■ **COLLECTED DATA**:
+===+

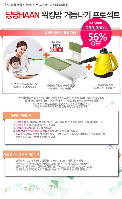 한경희생활과학의 '제 10차 가사 나눔 캠페인' 일환으로 진행되는 이번 프로젝트는 가정과 직장을 오가는 '슈퍼우먼' 워킹맘들을 위한 이벤트로, 한국능률협회에서 진행하는 '워킹맘 리더십 프로그램'과 한경희생활과학 자세교정 책걸상 백솔루션, 한경희 핸디스팀으로 구성된 657,000원 상당의 패키지를 56% 할인된 가격인 29만원에 판매한다.
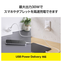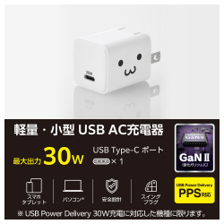 コンパクトなのにパワフル。対応するスマートフォンはもちろん、Macbook Airも充電できるAC充電器です。●寸法/幅約35.5mm×奥行約28.5mm×高さ約28.5mm●質量/約49g●材質/-●入力定格/AC100V-240V、50Hz/60Hz、0.8A●送電出力/-●出力/定格出力電力:最大出力30W、PPS最大出力30W、電圧:5V/9V/15V/20V、PPS出力3.3V-11V、電流:5V時3A/9V時3A/15V時2A/20V時1.5A、PPS出力3.3V-11V時2.8A●出力ポート数/USB-C×1●端子/USB-C●電源/-●種別/AC充電器●仕様/■コンセントプラグ仕様:90度スイング構造 ■使用温度範囲:0℃-25℃ ■法令:◇PSE 特定電気用品●適応地域/日本●カラー/しろちゃん(ホワイト×ブラック)●保証期間/1年間●入力定格2/-●単位/1個
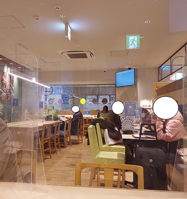 アクリル板があるから、向かい合わせでも安心。テーブルの横にはコンセントも。スマホの充電もできる!旅行帰りなんかに良いね(^-^)
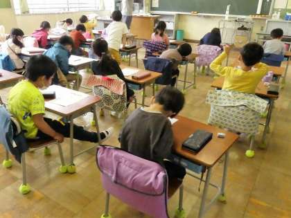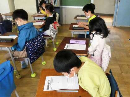 1年生は、今日から5時間授業が始まりました。教室を覗くと、子供たちは、じーっと何かを見つめていました。

+===+

Because the copy must hold no pictures, return only the lines that run from the line containing "アクリル板があるから、向かい" to the end of the data above, each exactly as it stands.

■ **ANSWER AREA**:
 アクリル板があるから、向かい合わせでも安心。テーブルの横にはコンセントも。スマホの充電もできる!旅行帰りなんかに良いね(^-^)
 1年生は、今日から5時間授業が始まりました。教室を覗くと、子供たちは、じーっと何かを見つめていました。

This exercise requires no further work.